Once in the ER, the attending physican pretty much agreed with the diagnosis although said he wanted me to be evaluated by a neurologist just to be sure.  And my blood and urine work were completely normal.  And so at 10:30 at night I was finally discharged since I had begun to walk normally once again.  The ER doctor said I could go on a low dose of the gaba to help ease the withdrawal symptoms but I said no - given that it was finally leaving my body and I could again walk (although with an occional feeling once again that I might lose it and topple over) why would I want to reintroduce it into my body.

And that night I slept 3 1/2 hours on my own.  HOWEVER the next 4 nights I got ZERO sleep!  Insomnia, as it turns out, is also a symtom of the withdrawal syndrome and at that point I could not take it any more - from reading this forum I was afraid this insomnia might last for weeks!  And, again in consultation with my pharmacist, I went back on a low dose (200 mg) with the intention of doing a slower taper this time around.  The next two nights I got 2 hours of sleep each but the back pain and itching started up and so the next night went to 150 mg and got 4 hours of sleep. And that brings us to the present.  Last night I again got zero hours but my brother died unexpectedly of cardiac arrest yesterday so am not sure if I was reacting to that or whether I went from 200 to 150 too quickly - hopefully the former since I really do not want to go up again.  And so the plan is to go from 150 to 100 to 50 (I am cutting the capsule in half - a bit tricky) over the next couple of weeks.  

And a request - hopefully no one will suggest that I use ativan to ease the withdrawal - I never want to take a benzo again as long as I live given how quickly I became dependent on it!

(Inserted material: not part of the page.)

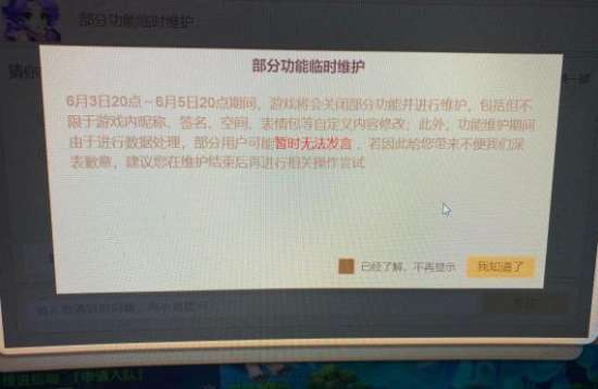 在6月3日20点到6月5日20点期间,昵称、签名、空间、表情包等内容不能进行更改。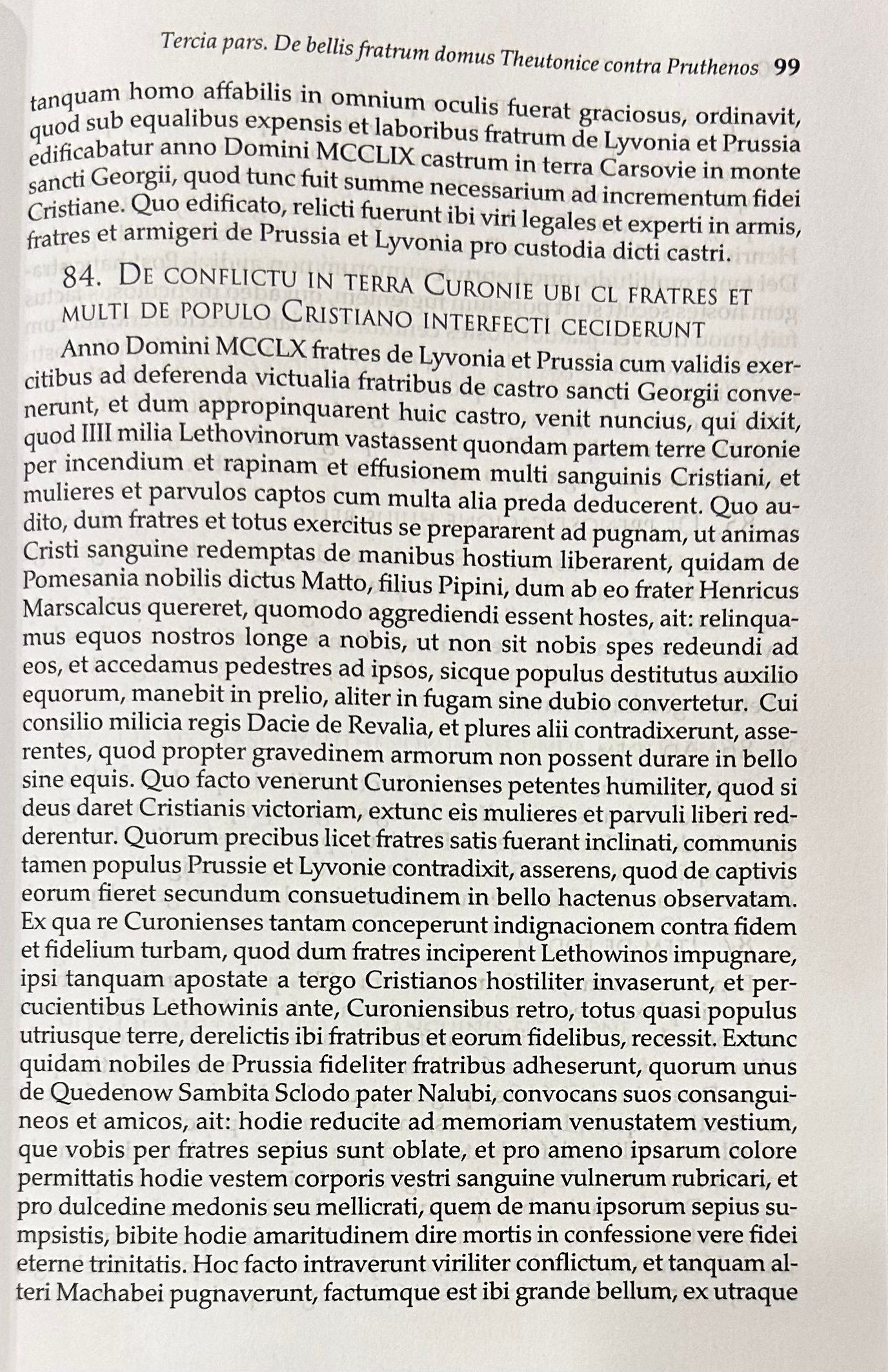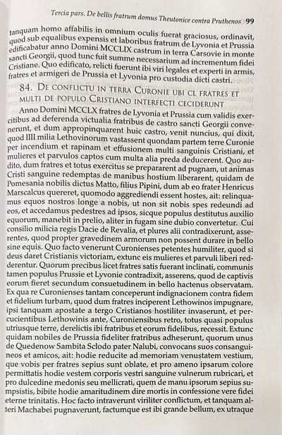 «Хроника» является не только историческим памятником, но и памятником богословской и крестоносной мысли. Вторжение Тевтонского ордена в Пруссию, по сути, было Крестовым походом, формально направленным на христианизацию прусских языческих племен, хотя на самом деле крестоносцы ставили целью создание собственного территориального государства на захваченных землях.

And that is my story to date.

I was prescribed this horrible drug on June 16 at 100mg 3 times a day, then the next week increased to 200mg for. "Short time" but then 3 days later it was increased to 300mg 3 times per day. Today is July 1 and I quit. I took 300 this morning but will take 200 in morning than 100 on Wed. and then no more, my own scaling down and my own decision to quit. . I would rather suffer with pain in my body than jumbled brains in my head. I feel drunk in my head, want to cry all the time, chills and aches. I want to die and have had thoughts of suicide. Need to clean my body and mind of this horrible stuff.  I take no meds whatsoever except an antibiotic from time to time and I am 69 years old, perhaps a headache one or two a year and use aspirin, so this stuff was new to me. I will never take this stuff again. I believe I had Shingles starting up is what caused my initial pain as I have 14 sore like places healing on my upper back. Whatever the cause. Nothing is as bad as not feeling normal, or as normal as I used to feel before all this started. I encourage anyone who has never used it...dont ever start.